FORTUNE — We now know that 7.1 million people signed up for health care insurance during the Affordable Care Act (ACA)’s initial enrollment period, which ended on March 31. But, what is less well known is the potential financial disaster facing these millions of consumers who have chosen policies during the last six months.

Our recently published research  shows that four out of five consumers will choose a more expensive policy than they need. Because of the complexity of the state and national websites, the typical family will overpay by more than $600 a year. For the average earner, that’s half a week’s salary.

We examined exchanges at the state and federal level to determine how difficult it is to shop for an insurance plan. Choosing a policy on the state and federal websites requires consumers to sort through a sea of information to find the best options. And as a result, a majority of people have trouble assessing the relative importance of monthly premiums, co-pays, and the annual deductible. What’s more, consumers tend to overemphasize co-payments and deductibles in their decision-making.
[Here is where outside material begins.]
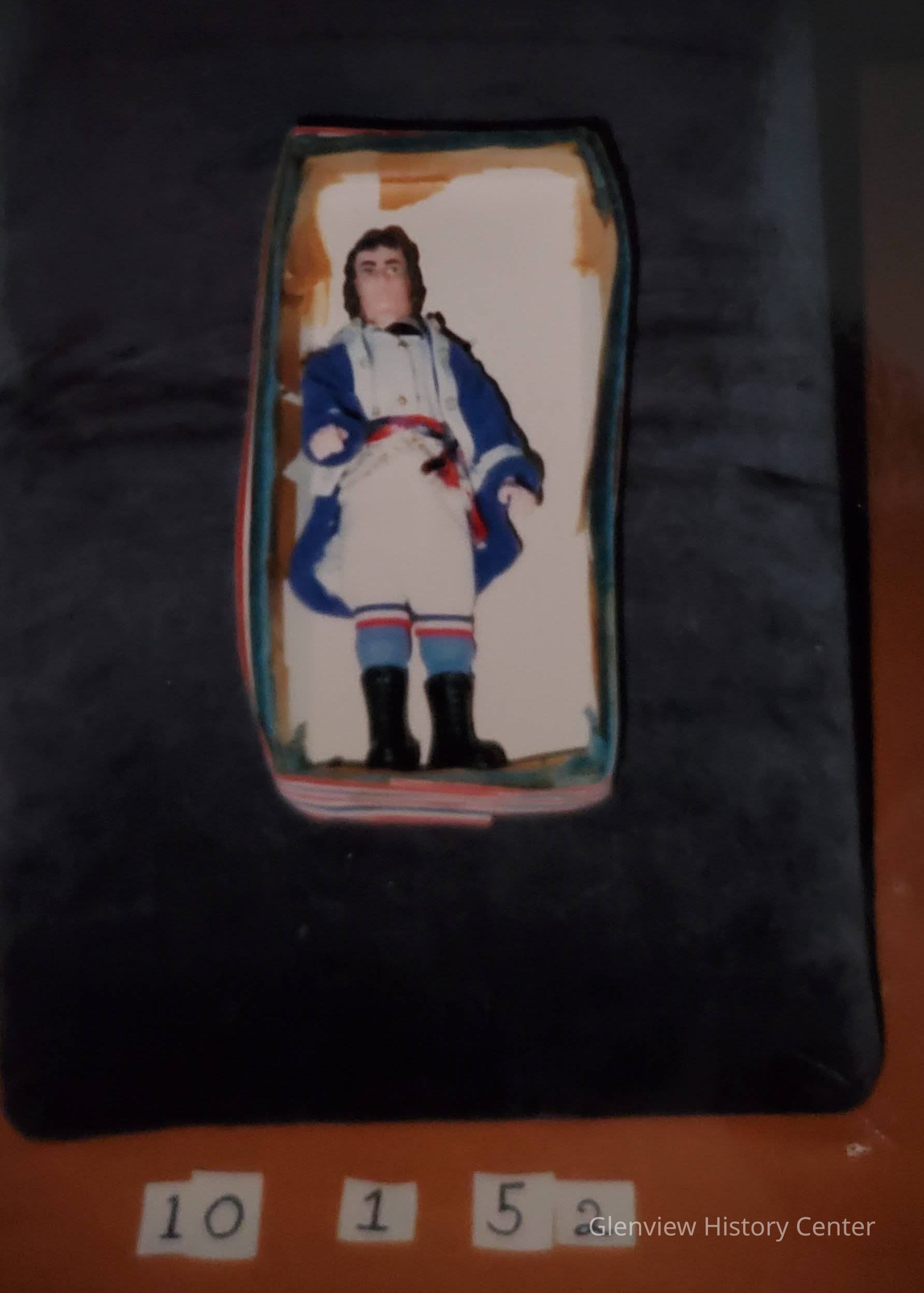 Doll in a series representing famous patriots during the Revolutionary Was period (possibly the Marquise de Lafayette - Uniform has a French Look). Body is plastic with painted hair and face and is dressed in blue coat with gold epaulettes and white lapels with buttons. White waistcoat with gold buttons; white breeches with red, white and blue garters, blue socks; black plastic boots and red, white and blue sash at waist.General Notes

MORE: What’s next for Obamacare?

Evaluating the various tradeoffs inherent in these decisions is not intuitive, and knowing how to address them requires a level of financial and mathematical expertise that few people possess. In fact, during our experiment we asked Columbia MBA students, a group that is quite good at crunching numbers, to find the cheapest policy: More than one quarter got it wrong, and those who got it right told us they needed a spreadsheet to do the proper calculations.

We then added in monetary incentives to see if this would improve decision-making performance. Participants were offered $1 for correctly identifying which plan made the most economic sense for them, as well as entry into a lottery for an additional $200. The failure rate remained overwhelming, with nearly 80% of participants choosing a plan that costs more than they need to spend. Ironically, our financial incentives were modest compared to the built-in incentive: If consumers in this portion of the study had chosen correctly, they would have saved more than $400 annually anyway.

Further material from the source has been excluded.